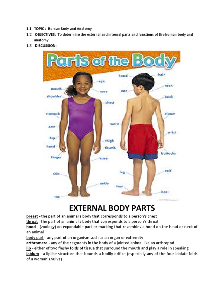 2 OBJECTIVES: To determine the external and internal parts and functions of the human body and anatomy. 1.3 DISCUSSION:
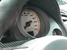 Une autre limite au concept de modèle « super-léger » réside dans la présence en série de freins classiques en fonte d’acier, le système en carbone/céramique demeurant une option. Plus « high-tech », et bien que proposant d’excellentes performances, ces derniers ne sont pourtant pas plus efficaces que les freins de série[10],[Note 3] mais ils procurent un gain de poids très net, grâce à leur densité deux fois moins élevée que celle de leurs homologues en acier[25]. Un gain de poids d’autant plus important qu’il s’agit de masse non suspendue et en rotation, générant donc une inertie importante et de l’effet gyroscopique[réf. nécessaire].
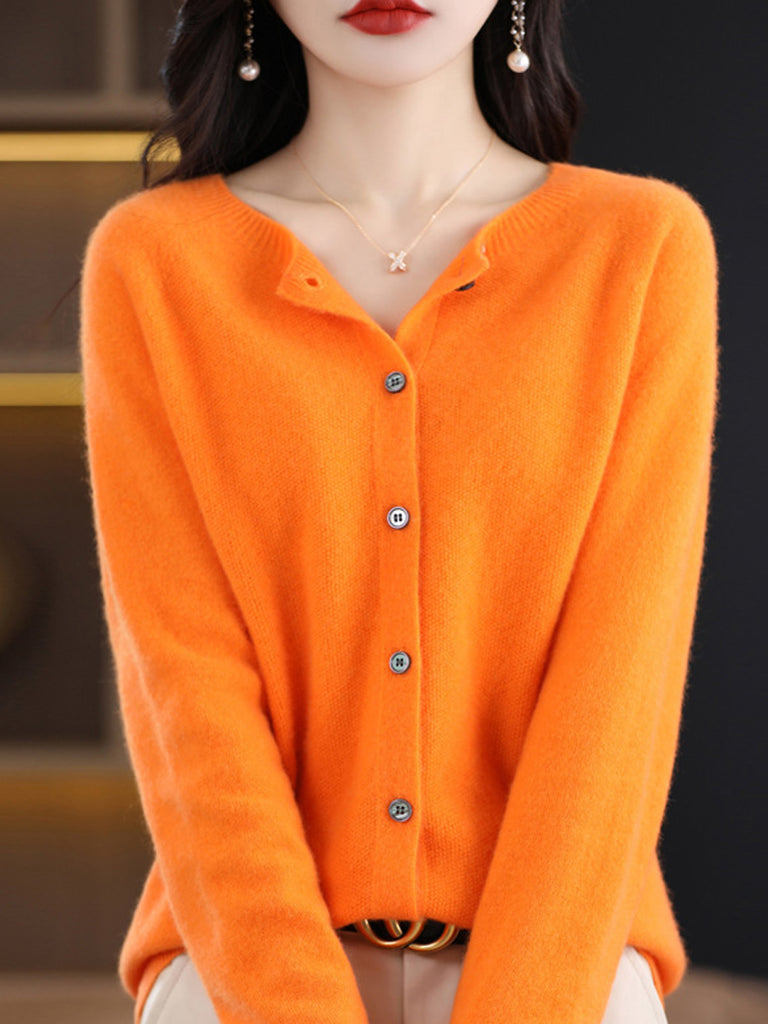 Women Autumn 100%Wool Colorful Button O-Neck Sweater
...
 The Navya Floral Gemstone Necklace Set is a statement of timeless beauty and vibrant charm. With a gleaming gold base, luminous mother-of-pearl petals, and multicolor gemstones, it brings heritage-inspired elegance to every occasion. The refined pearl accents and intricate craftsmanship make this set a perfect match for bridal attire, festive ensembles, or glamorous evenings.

# EXERCISE DIRECTIONS
In the data above, find the line with "2 OBJECTIVES: To" and the line with "Women Autumn 100%Wool". Please copy exactly those two lines and every line between them, but not the pictures.

# REPLY TO THE TASK
 2 OBJECTIVES: To determine the external and internal parts and functions of the human body and anatomy. 1.3 DISCUSSION:
 Une autre limite au concept de modèle « super-léger » réside dans la présence en série de freins classiques en fonte d’acier, le système en carbone/céramique demeurant une option. Plus « high-tech », et bien que proposant d’excellentes performances, ces derniers ne sont pourtant pas plus efficaces que les freins de série[10],[Note 3] mais ils procurent un gain de poids très net, grâce à leur densité deux fois moins élevée que celle de leurs homologues en acier[25]. Un gain de poids d’autant plus important qu’il s’agit de masse non suspendue et en rotation, générant donc une inertie importante et de l’effet gyroscopique[réf. nécessaire].
 Women Autumn 100%Wool Colorful Button O-Neck Sweater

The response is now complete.